(Dataset begins)

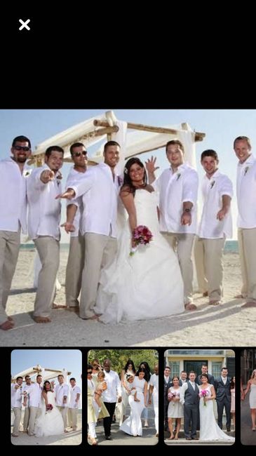Our wedding is very casual on the beach. All my girls will be in Malibu blue bridesmaid dresses and the men will be in khaki pants and a button up shirt.My dilemma is: should the guys wear malibu blue button up shirts to match and a white flower...
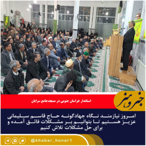 استاندار خراسان جنوبی در مسجدجامع سرایان گفت امروز نیازمند نگاه جهادگونه حاج قاسم سلیمانی عزیز هستیم تا بتوانیم بر مشکلات فائق آمده و برای حل
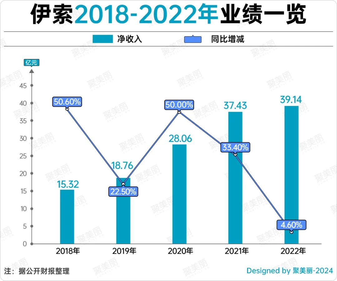 财报显示,伊索Aēsop2018年-2022年净收入持续增长,如今已是约40亿规模的品牌,且除2022年外增速均达双位数。
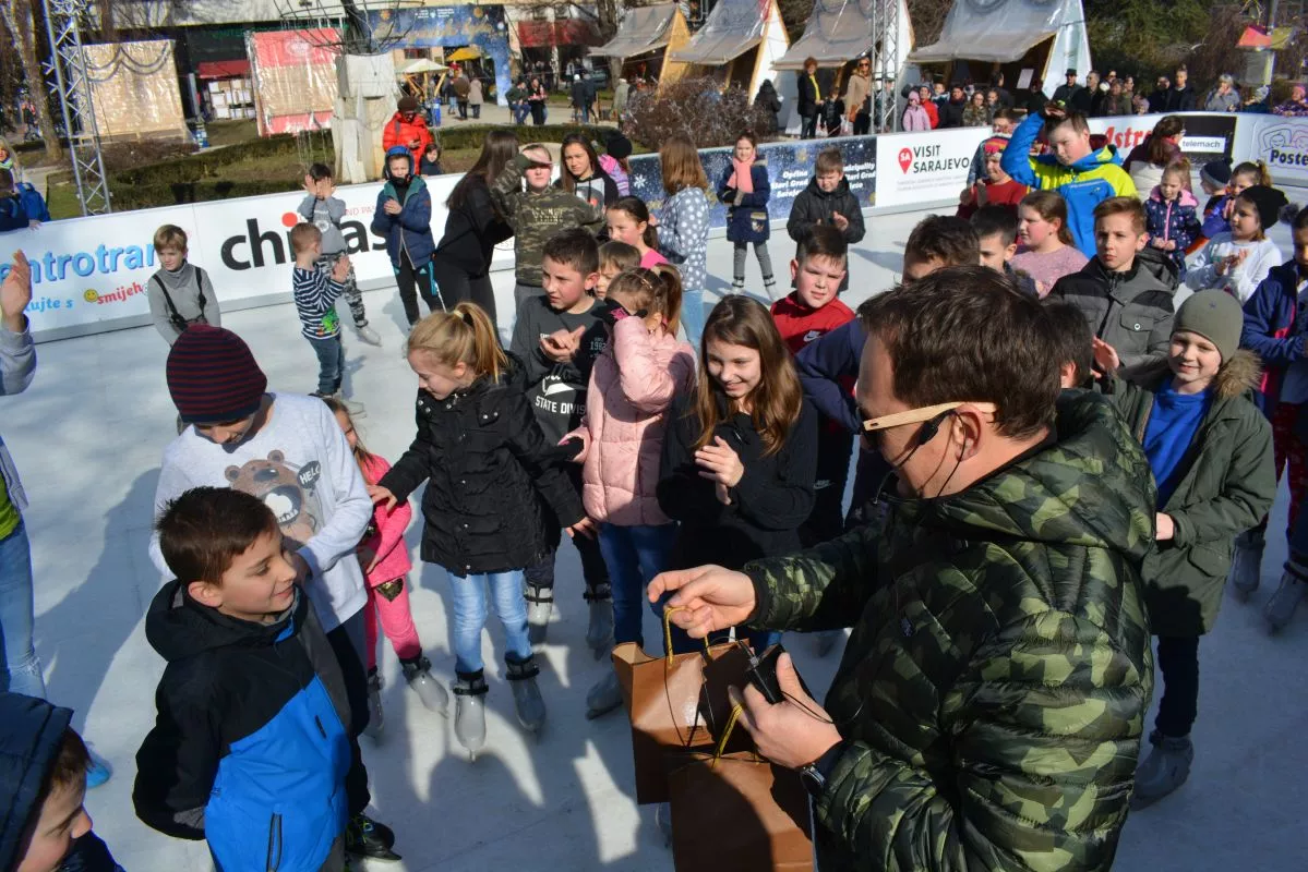 Dječija radosna lica bila su dokaz koliko su zadovoljni današnjim iznenađenjima na klizalištu, a roditelji pokazali oduševljenje da njihovi mališani, a i oni zajedno sa njima već mjesec dana besplatno kližu u srcu Starog Grada.
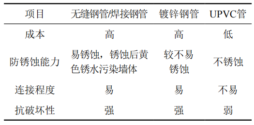 (5)常用套管材料及性能比較見表 1,目前以選用UPVC(硬PVC)管為主。
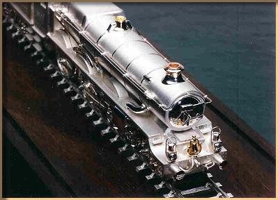 Here we have a rather unique museum piece. This sterling silver replica of King George V is a faithful scale model of the locomotive, constructed from drawings of the prototype at the time of building. It was entirely hand-made over a period of 6 years by craftsmen in Jersey. The two major builders involved were goldsmiths Derek Uren and Richard Blampied. Other work was carried out by engraver Keith Ainsworth and goldsmith Aaron Bowey.
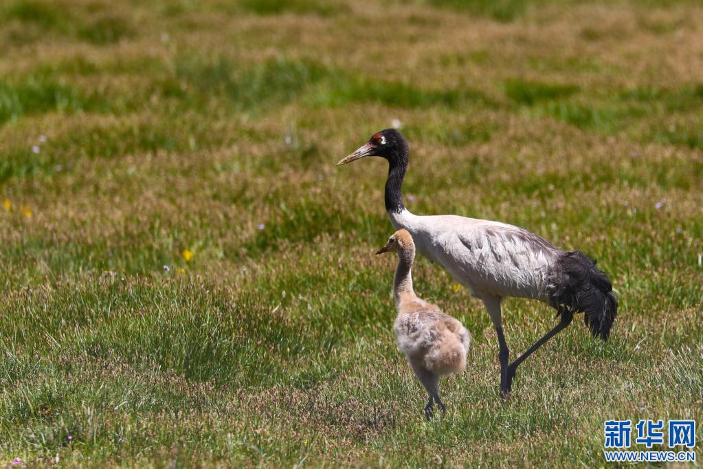 西藏改則縣麻米鄉(xiāng)成長(zhǎng)中的黑頸鶴(2022年7月25日)。新華社發(fā)(邊巴 攝)
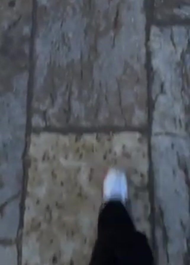 The video begins with a view of stone pavement from a first-person perspective, showing a person walking
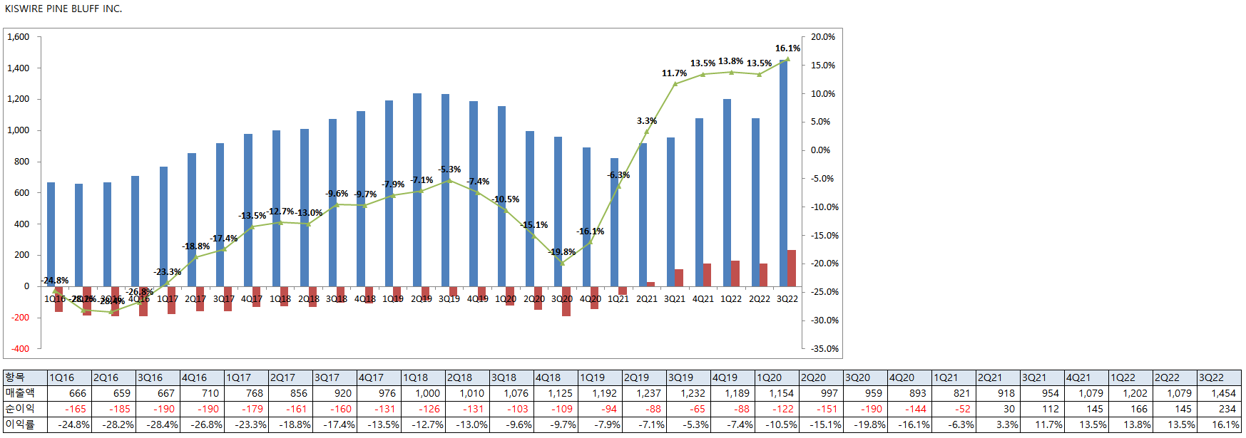 선재를 취급하는 법인 KISWIRE PINE BLUFF INC. 의 수익성 개선이 이어지고 있습니다.
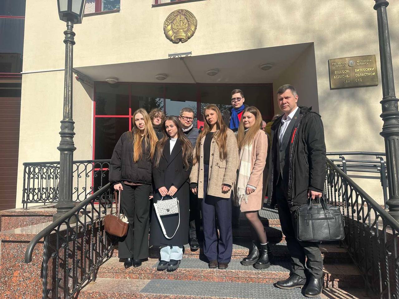 10 марта 2026 года студенты юридического факультета УО "ВГУ имени П.М.Машерова" присутствовали в Витебском областном суде при рассмотрении апелляционных жалоб на приговор суда по ч. 2 ст. 317 УК с участием адвокатов юридической консультации № 1 и юридической консультации № 2 г.Витебска Дениса Ястреба и Дмитрия Корунного.
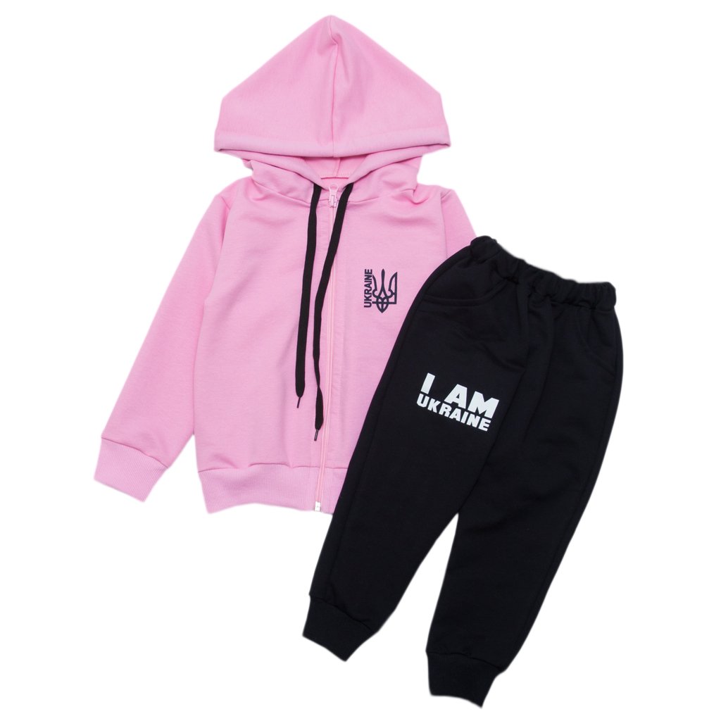 Интернет-магазин "Арлекин" хочет обрадовать Вас своей невероятной и стильной новинкой. Детский спортивный костюм состоит из кофты розового цвета и штанишек черного цвета. Представленные изделия изготовлены из высококачественного трикотажного полотна - двухнитки. Данная ткань полностью состоит из натурального хлопка, поэтому полотно абсолютно безопасное для кожи ребёнка. В таком спортивном костюме вашему ребёнку будет максимально комфортно. Кофта дополнена уютным капюшоном. На штанах присутствуют кармашки. Также представленный костюм дополнен стильными надписями, которые точно понравятся Вашему ребёночку.
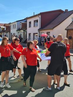 Am 8.7.2023 haben die Kollegen der AWO Kita „Sonnenschein“ das Richtenberger Sommerfest zum Thema „Italienische Nächte“ unterstützt. Mit Schwungtuch, guter Laune und Süßigkeiten nahmen die Mitarbeiterinnen der Kita am Umzug teil und verteilten die Süßigkeiten an die staunenden Kinder.
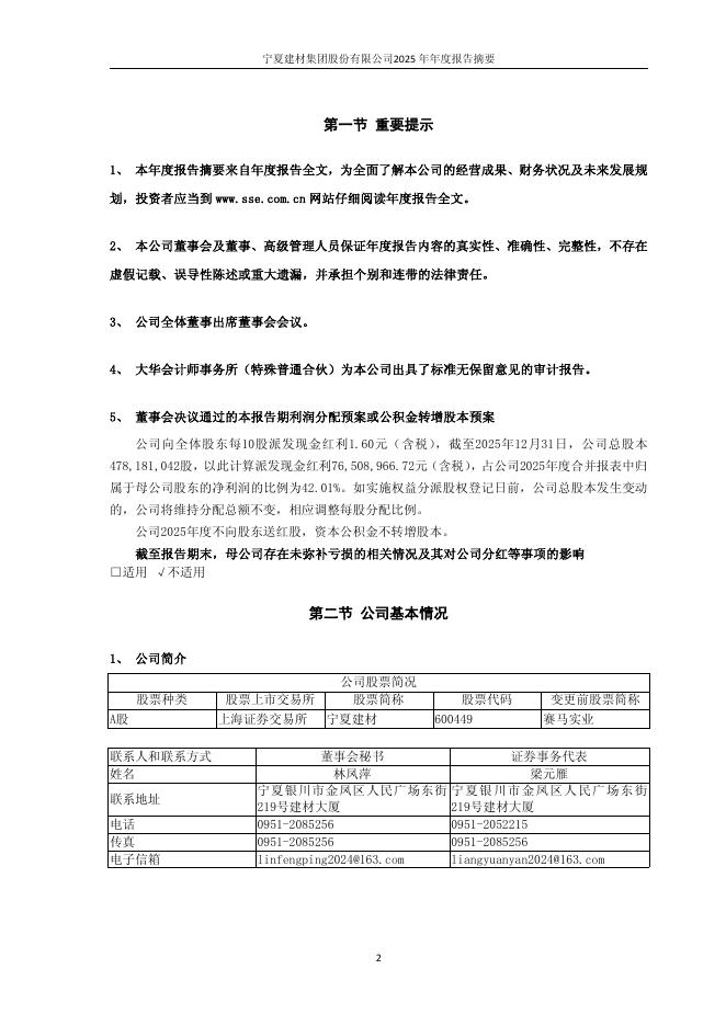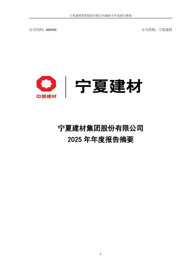 600449-宁夏建材:宁夏建材2025年年度报告摘要.pdf
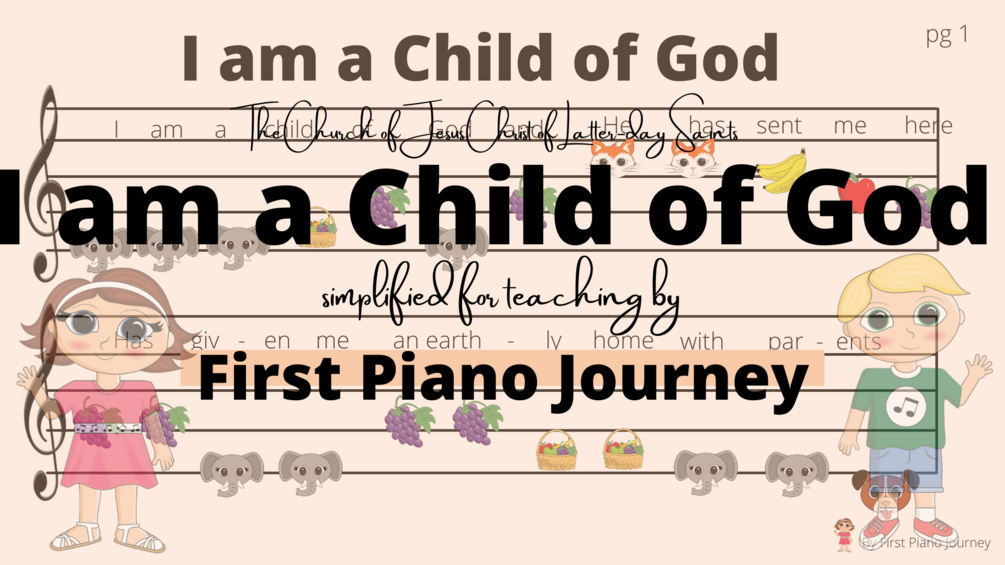 "I am a Child of God" with the special First Piano Journey musical notation.
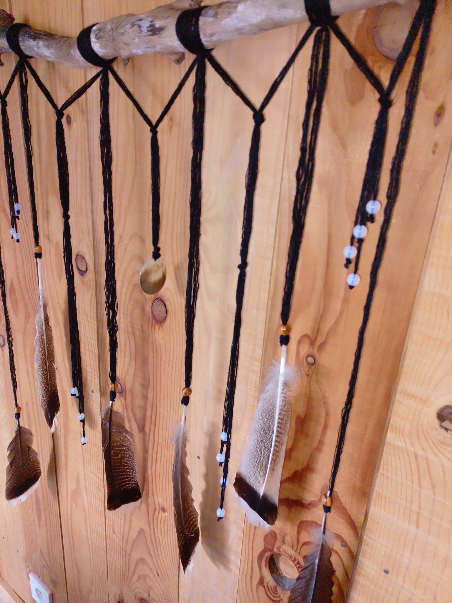 L’Œil de Lune est une suspension énergétique murale unique. Tissé de laine noire sur une branche naturelle, il réunit une nacre centrale, opales, perles de pin et plumes de dinde sauvage. Un talisman naturel pensé pour purifier, protéger et harmoniser l’énergie d’un espace.

(Dataset ends)

▶ What the exercise asks
Please transcribe the listing above verbatim and exclude every picture.

▶ Your response
Our wedding is very casual on the beach. All my girls will be in Malibu blue bridesmaid dresses and the men will be in khaki pants and a button up shirt.My dilemma is: should the guys wear malibu blue button up shirts to match and a white flower...
 استاندار خراسان جنوبی در مسجدجامع سرایان گفت امروز نیازمند نگاه جهادگونه حاج قاسم سلیمانی عزیز هستیم تا بتوانیم بر مشکلات فائق آمده و برای حل
 财报显示,伊索Aēsop2018年-2022年净收入持续增长,如今已是约40亿规模的品牌,且除2022年外增速均达双位数。
 Dječija radosna lica bila su dokaz koliko su zadovoljni današnjim iznenađenjima na klizalištu, a roditelji pokazali oduševljenje da njihovi mališani, a i oni zajedno sa njima već mjesec dana besplatno kližu u srcu Starog Grada.
 (5)常用套管材料及性能比較見表 1,目前以選用UPVC(硬PVC)管為主。
 Here we have a rather unique museum piece. This sterling silver replica of King George V is a faithful scale model of the locomotive, constructed from drawings of the prototype at the time of building. It was entirely hand-made over a period of 6 years by craftsmen in Jersey. The two major builders involved were goldsmiths Derek Uren and Richard Blampied. Other work was carried out by engraver Keith Ainsworth and goldsmith Aaron Bowey.
 西藏改則縣麻米鄉(xiāng)成長(zhǎng)中的黑頸鶴(2022年7月25日)。新華社發(fā)(邊巴 攝)
 The video begins with a view of stone pavement from a first-person perspective, showing a person walking
 선재를 취급하는 법인 KISWIRE PINE BLUFF INC. 의 수익성 개선이 이어지고 있습니다.
 10 марта 2026 года студенты юридического факультета УО "ВГУ имени П.М.Машерова" присутствовали в Витебском областном суде при рассмотрении апелляционных жалоб на приговор суда по ч. 2 ст. 317 УК с участием адвокатов юридической консультации № 1 и юридической консультации № 2 г.Витебска Дениса Ястреба и Дмитрия Корунного.
 Интернет-магазин "Арлекин" хочет обрадовать Вас своей невероятной и стильной новинкой. Детский спортивный костюм состоит из кофты розового цвета и штанишек черного цвета. Представленные изделия изготовлены из высококачественного трикотажного полотна - двухнитки. Данная ткань полностью состоит из натурального хлопка, поэтому полотно абсолютно безопасное для кожи ребёнка. В таком спортивном костюме вашему ребёнку будет максимально комфортно. Кофта дополнена уютным капюшоном. На штанах присутствуют кармашки. Также представленный костюм дополнен стильными надписями, которые точно понравятся Вашему ребёночку.
 Am 8.7.2023 haben die Kollegen der AWO Kita „Sonnenschein“ das Richtenberger Sommerfest zum Thema „Italienische Nächte“ unterstützt. Mit Schwungtuch, guter Laune und Süßigkeiten nahmen die Mitarbeiterinnen der Kita am Umzug teil und verteilten die Süßigkeiten an die staunenden Kinder.
 600449-宁夏建材:宁夏建材2025年年度报告摘要.pdf
 "I am a Child of God" with the special First Piano Journey musical notation.
 L’Œil de Lune est une suspension énergétique murale unique. Tissé de laine noire sur une branche naturelle, il réunit une nacre centrale, opales, perles de pin et plumes de dinde sauvage. Un talisman naturel pensé pour purifier, protéger et harmoniser l’énergie d’un espace.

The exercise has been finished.